- Title: Professor of Epidemiology

Academic background
- Alma mater: New York University University of California Columbia University,

Academic work
- Institutions: Columbia University
- Main interests: Alzheimer's disease, aging in adults with Down syndrome

= Nicole Schupf =

American epidemiologist and neuroscientist

Nicole Schupf is an American epidemiologist and neuroscientist who is Professor of Epidemiology in Neurology, Psychiatry, the Gertrude H. Sergievsky Center, and the Taub Institute for Research on Alzheimer's Disease and the Aging Brain, Columbia University Faculty of Medicine. She studies aging and Alzheimer's disease in individuals with Down syndrome.

== Education and early career ==
Schupf graduated from Bryn Mawr College in 1964. She received her Ph.D. from New York University in 1970, trained as a physiological psychologist. She worked on neuroimmunological mechanisms in lupus cerebritis for several years before going on to pursue an M.P.H. from the University of California in 1984 and a Dr.P.H. in epidemiology from Columbia University, which she received in 1995.

== Career ==
Schupf is Professor of Epidemiology in Neurology, Psychiatry, the Gertrude H. Sergievsky Center, and the Taub Institute for Research on Alzheimer's Disease and the Aging Brain, Columbia University Faculty of Medicine. She studies aging and Alzheimer's disease (AD) in individuals with Down syndrome (DS), looking at genetic and nongenetic factors that can influence degree of risk or age at onset. She is involved in longitudinal, multidisciplinary work searching for biomarkers that could define the progression of AD in this population. This wide-ranging investigation includes blood-based biomarkers (like beta-amyloid peptides, protein, inflammatory and lipid profiles); measures of amyloid and tau concentration in cerebrospinal fluid; changes detected with neuroimaging; PET studies of brain amyloid uptake; and genetic variations. She has been a major recipient of National Institutes of Health and other federal grant-makers for this research.

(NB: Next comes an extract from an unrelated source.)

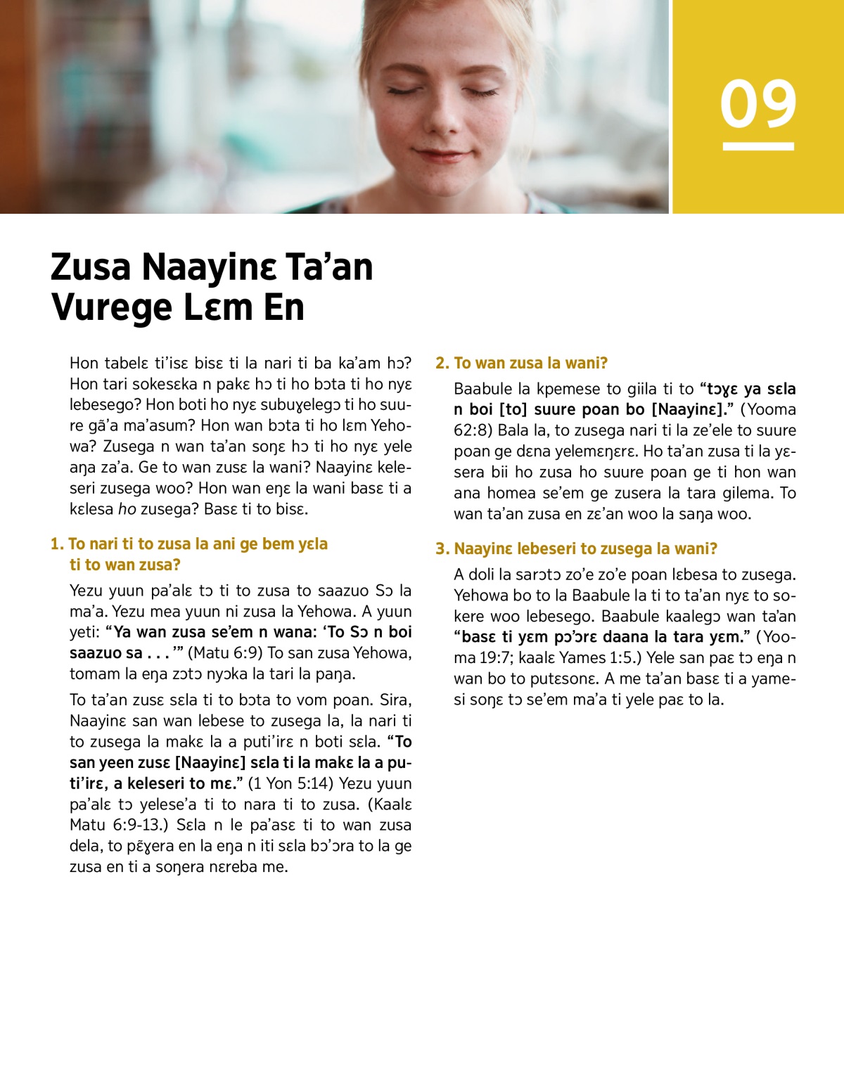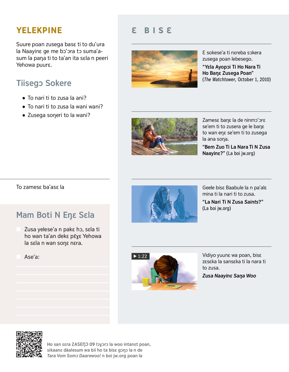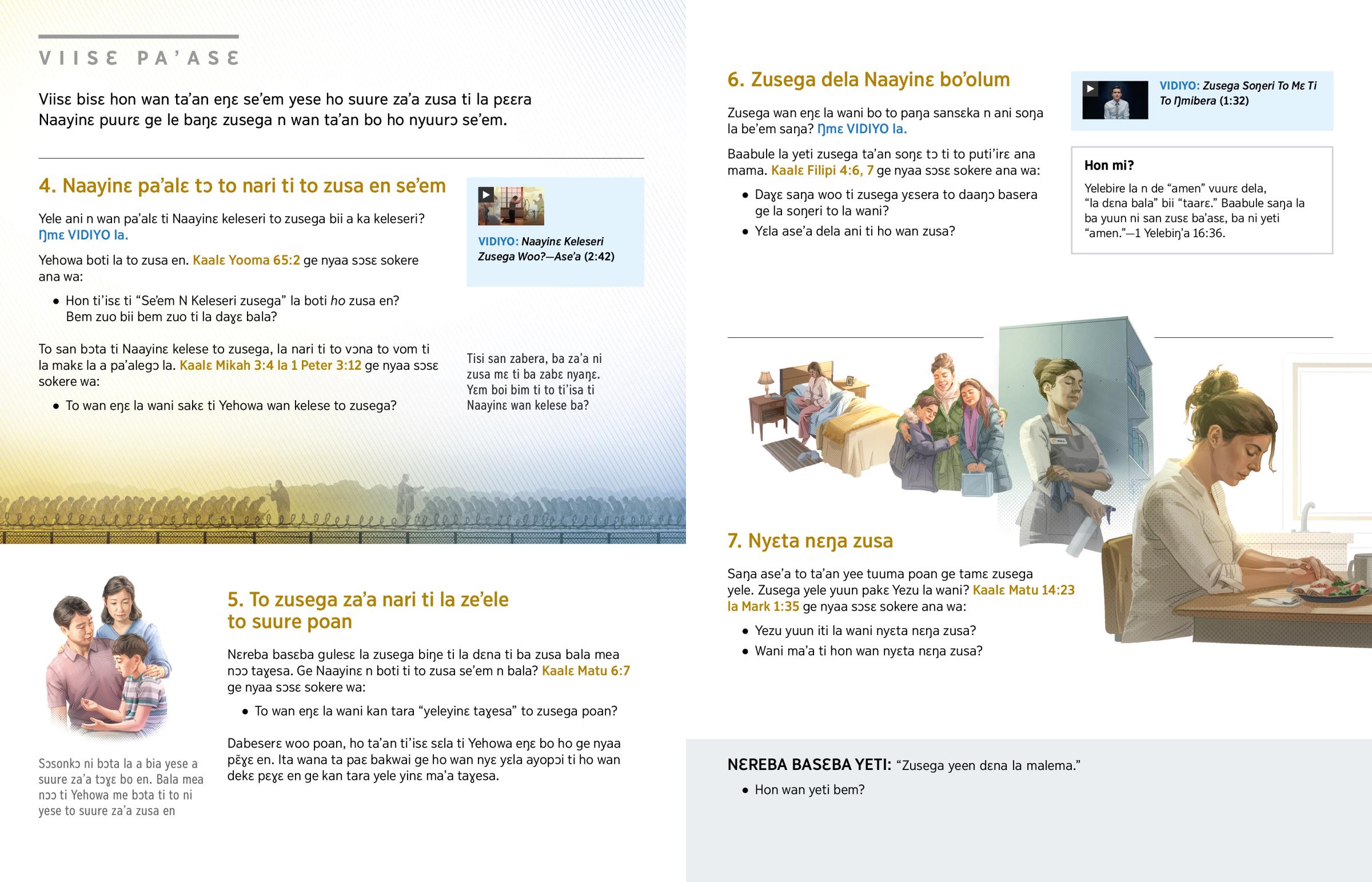 Hon tabelɛ ti’isɛ bisɛ ti la nari ti ba ka’am hɔ? Hon tari sokesɛka n pakɛ hɔ ti ho bɔta ti ho nyɛ lebesego? Hon boti ho nyɛ subuɣelegɔ ti ho suure gã’a ma’asum? Hon wan bɔta ti ho lɛm Yehowa? Zusega n wan ta’an soŋɛ hɔ ti ho nyɛ yele aŋa za’a. Ge to wan zusɛ la wani? Naayinɛ keleseri zusega woo? Hon wan eŋɛ la wani basɛ ti a kɛlesa ho zusega? Basɛ ti to bisɛ.

== Selected publications ==
- Mayeux, R. (2003). "Plasma Aβ40 and Aβ42 and Alzheimer's disease: Relation to age, mortality, and risk"
- Manly, Jennifer J. (2008). "Frequency and course of mild cognitive impairment in a multiethnic community"
- Kerkel, Kristi (2008). "Genomic surveys by methylation-sensitive SNP analysis identify sequence-dependent allele-specific DNA methylation"
- Scarmeas, Nikolaos (2009). "Mediterranean Diet and Mild Cognitive Impairment"
- Scarmeas, Nikolaos (2009). "Physical Activity, Diet, and Risk of Alzheimer Disease"

== Personal life ==
Schupf was married to H. Jack Geiger from 1982 until his death in 2020.